LeetCode JavaScript 30 Days Challenge – Day7 – 2629. Function Composition

    LeetCode JavaScript 30 Days ChallengeLeetCode Js-ArrayResult

    Given an array of functions [f1, f2, f3, …, fn], return a new function fn that is the function composition of the array of functions.
    The function composition of [f(x), g(x), h(x)] is fn(x) = f(g(h(x))).
    The function composition of an empty list of functions is the identity function f(x) = x.
    You may assume each function in the array accepts one integer as input and returns one integer as output.

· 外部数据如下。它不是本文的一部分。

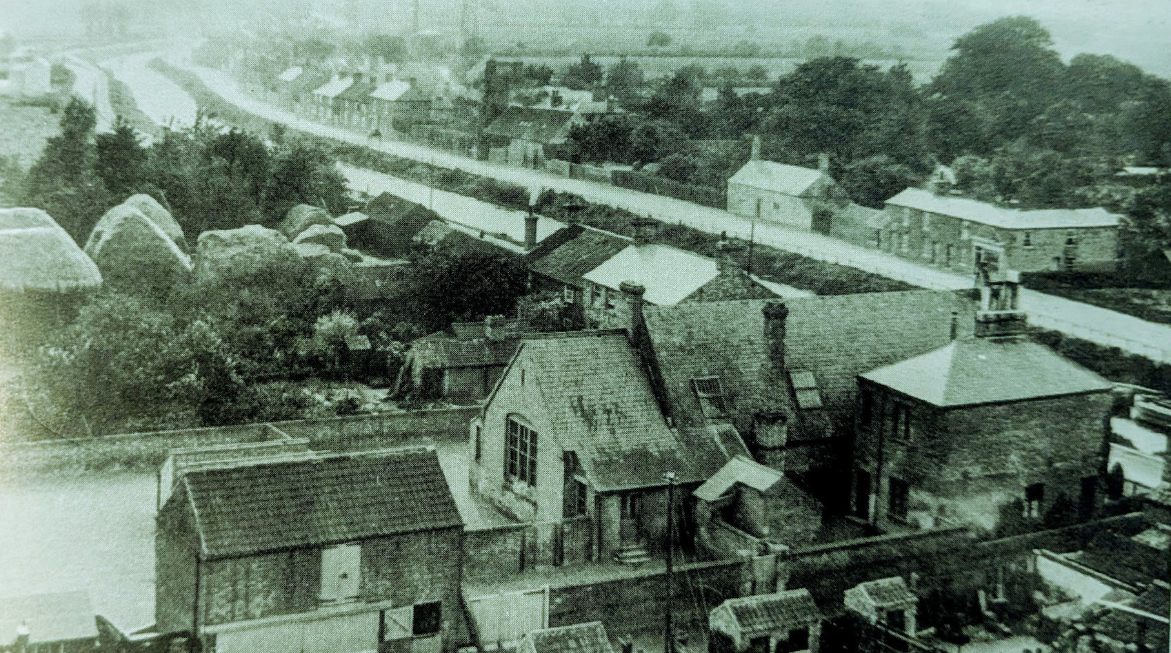 Looking north from Outwell church tower in 1901. A tram leaves the Depot on the left.

    給予一個陣列函式 [f1, f2, f3, ..., fn],回傳一個新的函式 fn 是這個陣列函式的函式組合。
    函式組合[f(x), g(x), h(x)]為fn(x) = f(g(h(x)))。
    假如為空的函式列表的函式組合,則函式恆為input的值,如f(x) = x。
    
    你可以假設陣列中的每個函式都接受一個整數作為輸入,並回傳一個整數當作結果。
    

    Example 1:

    Input: functions = [x => x + 1, x => x * x, x => 2 * x], x = 4
    Output: 65
    

    Example 2:

    Input: functions = [x => 10 * x, x => 10 * x, x => 10 * x], x = 1
    Output: 1000
    

    Example 3:

    Input: functions = [], x = 42
    Output: 42
    

    solution:
    這題最重要的是了解題目的說明,題目將條件依序放到陣列中,
    同時希望我們由右到左的讀取陣列函式的內容,
    這個過程我們可以使用reduceRight()來完成指定功能,如下:

    Code 1: BigO(n)

    var compose = function(functions) {
        return function (x) {
            return functions.reduceRight((acc, cur) => cur(acc), x);
        };
    };
    

    FlowChart:
    Example 1

    Input: functions = [x => x + 1, x => x * x, x => 2 * x], x = 4
    functions.reduceRight((acc, cur) => cur(acc), x)
    
    functions.reduceRight((acc, cur) => cur(2 * 4), 4) //acc = 8
    functions.reduceRight((acc, cur) => cur(8 * 8), 8) //acc = 64
    functions.reduceRight((acc, cur) => cur(64 + 1), 64) //acc = 65
    return 65;
    

    Example 2

    Input: functions = [x => 10 * x, x => 10 * x, x => 10 * x], x = 1
    functions.reduceRight((acc, cur) => cur(acc), x)
    
    functions.reduceRight((acc, cur) => cur(10 * 1), 1) //acc = 10
    functions.reduceRight((acc, cur) => cur(10 * 10), 10) //acc = 100
    functions.reduceRight((acc, cur) => cur(10 + 100), 100) //acc = 1000
    return 1000;
    

    Example 3

    Input: functions = [], x = 42
    functions.reduceRight((acc, cur) => cur(acc), x)
    
    functions.reduceRight((acc, cur) => cur(acc), 42)
    return 42;
    

    Code 2: BigO(n)

    var compose = function(functions) {
        return function (x) {
            return functions.reverse().reduce((acc, cur) => cur(acc), x);
        };
    };
    

    Code 3: BigO(n)

    var compose = function(functions) {
    	return function(x) {
            while (functions.length) {
                x = functions.pop()(x);
            }
            return x;
        }
    };
    

    Code 4: BigO(n)

    var compose = function(functions) {
        return function recursion(x) {      
            //如果funcitons中沒有陣列元素,則呼叫temp匿名函式回傳x的值。  
            if (functions.length === 0) return x;
    
            //*重點,將x重新賦值為:移除functions中最右邊的陣列的同時,帶入(x)的參數進去執行取得結果。     
            x = functions.pop()(x);      
    
            //重複呼叫遞迴函式直到陣列中無元素。  
            return recursion(x);    
        }
    };